> RECORDS FOR THE TASK:
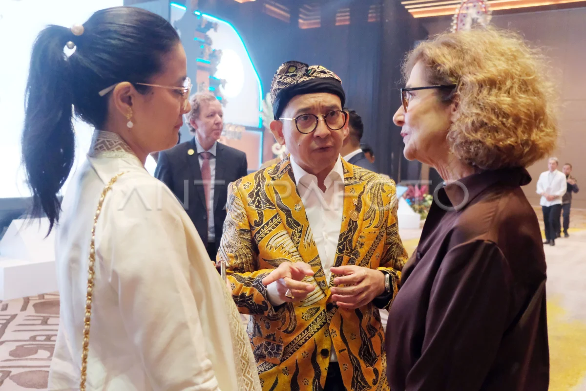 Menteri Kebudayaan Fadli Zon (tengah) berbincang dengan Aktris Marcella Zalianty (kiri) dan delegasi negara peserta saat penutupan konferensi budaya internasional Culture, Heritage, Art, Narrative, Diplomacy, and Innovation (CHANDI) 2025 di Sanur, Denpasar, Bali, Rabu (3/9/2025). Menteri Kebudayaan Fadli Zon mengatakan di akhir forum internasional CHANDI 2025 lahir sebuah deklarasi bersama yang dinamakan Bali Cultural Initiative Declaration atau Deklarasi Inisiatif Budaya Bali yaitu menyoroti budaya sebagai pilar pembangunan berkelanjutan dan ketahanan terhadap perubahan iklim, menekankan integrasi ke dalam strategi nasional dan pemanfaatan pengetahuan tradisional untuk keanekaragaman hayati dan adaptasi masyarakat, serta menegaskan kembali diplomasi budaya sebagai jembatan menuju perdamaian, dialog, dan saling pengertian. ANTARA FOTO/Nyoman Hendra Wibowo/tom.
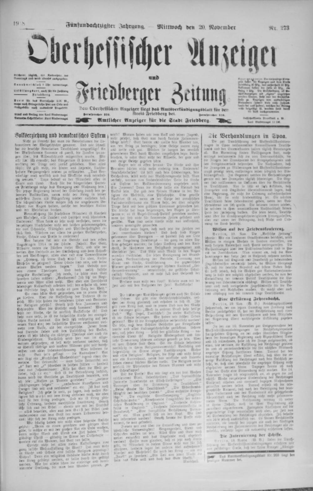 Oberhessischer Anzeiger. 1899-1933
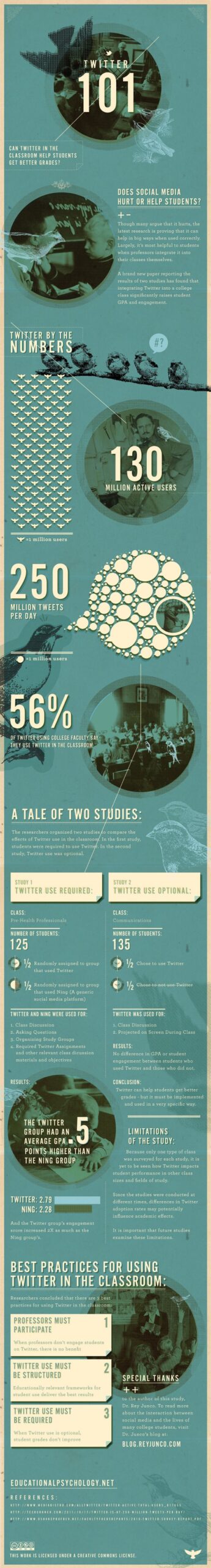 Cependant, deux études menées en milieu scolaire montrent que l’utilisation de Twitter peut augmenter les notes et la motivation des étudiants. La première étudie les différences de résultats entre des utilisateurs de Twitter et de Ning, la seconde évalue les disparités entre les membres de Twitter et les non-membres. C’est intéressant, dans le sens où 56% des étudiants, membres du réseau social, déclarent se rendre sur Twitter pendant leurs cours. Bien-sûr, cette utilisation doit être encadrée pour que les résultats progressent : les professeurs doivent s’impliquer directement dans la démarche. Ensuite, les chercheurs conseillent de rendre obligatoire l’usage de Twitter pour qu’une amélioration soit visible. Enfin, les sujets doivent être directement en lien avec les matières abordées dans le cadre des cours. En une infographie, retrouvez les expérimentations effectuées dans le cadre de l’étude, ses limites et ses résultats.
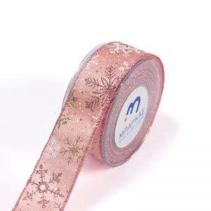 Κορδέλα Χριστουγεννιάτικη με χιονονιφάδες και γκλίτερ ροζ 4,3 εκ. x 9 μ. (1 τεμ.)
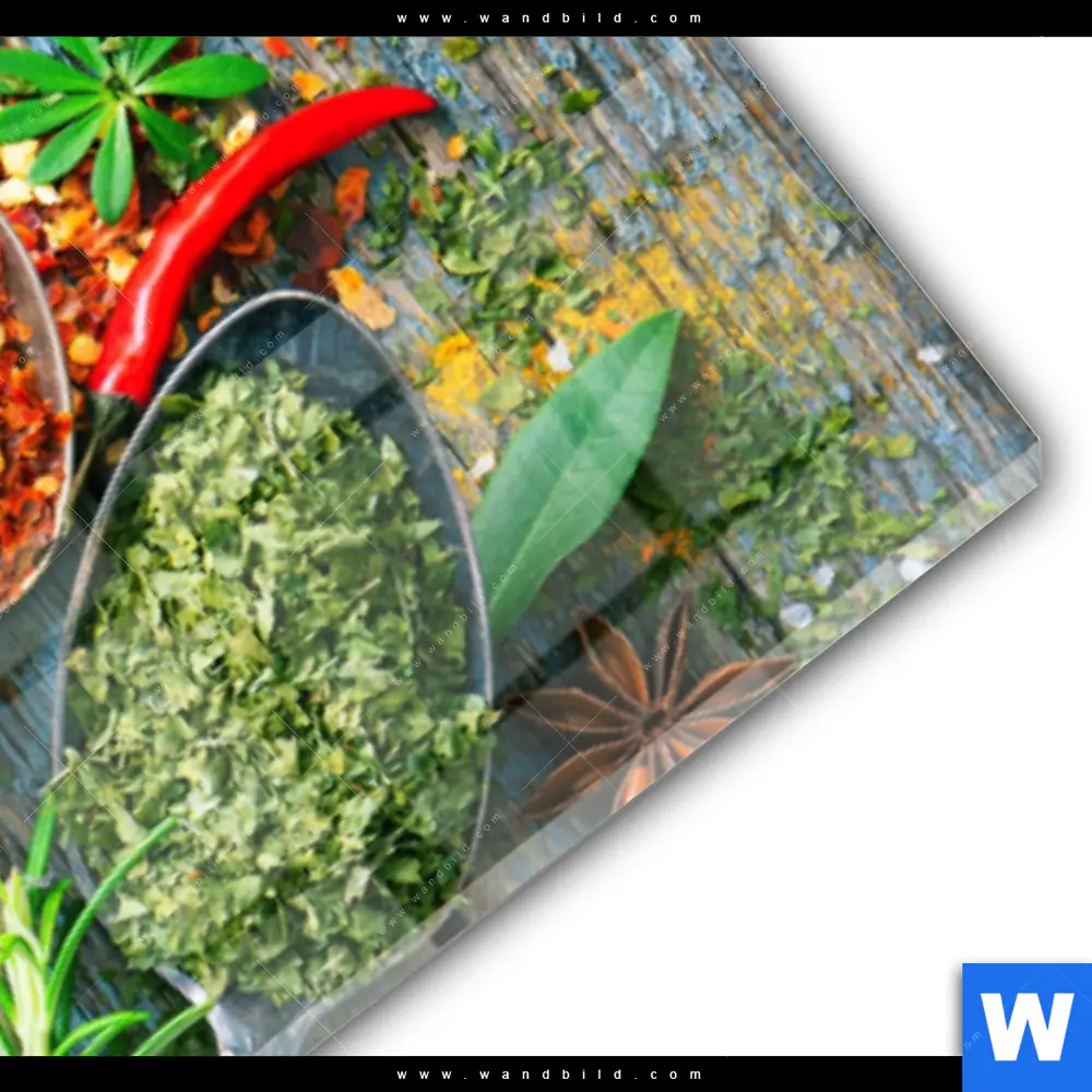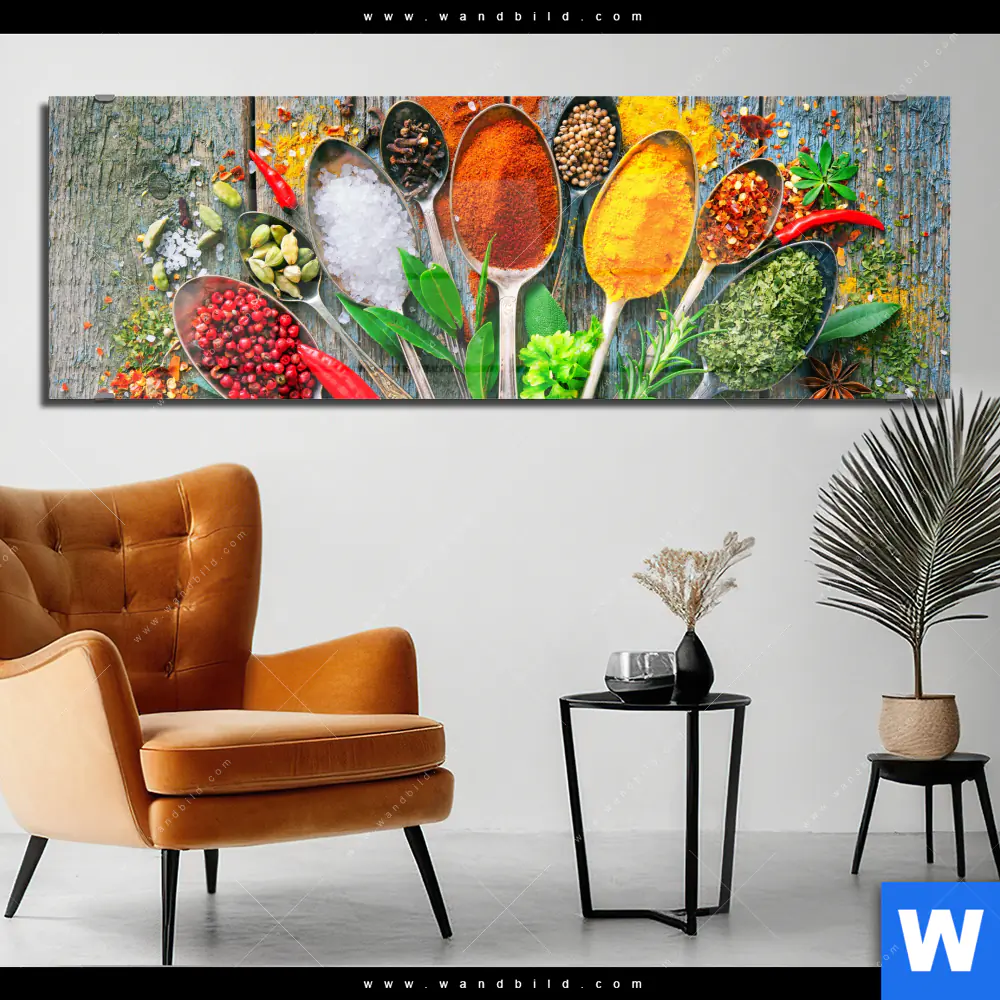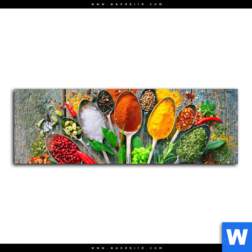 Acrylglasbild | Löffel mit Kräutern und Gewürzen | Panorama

* * *

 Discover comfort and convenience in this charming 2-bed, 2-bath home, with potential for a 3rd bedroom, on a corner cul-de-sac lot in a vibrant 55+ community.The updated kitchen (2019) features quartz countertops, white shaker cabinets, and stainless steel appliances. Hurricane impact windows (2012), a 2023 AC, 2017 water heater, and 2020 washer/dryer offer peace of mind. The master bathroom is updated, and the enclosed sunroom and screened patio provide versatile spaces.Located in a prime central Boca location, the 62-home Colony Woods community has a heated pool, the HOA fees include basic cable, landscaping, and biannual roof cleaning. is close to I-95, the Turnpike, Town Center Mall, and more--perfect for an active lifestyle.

> TASK REQUIREMENTS: After locating "Κορδέλα Χριστουγεννιάτικη με" and "Acrylglasbild | Löffel" in the records above, return exactly the line holding each one and every line between them; leave out the pictures.

> OUTPUT:
 Κορδέλα Χριστουγεννιάτικη με χιονονιφάδες και γκλίτερ ροζ 4,3 εκ. x 9 μ. (1 τεμ.)
 Acrylglasbild | Löffel mit Kräutern und Gewürzen | Panorama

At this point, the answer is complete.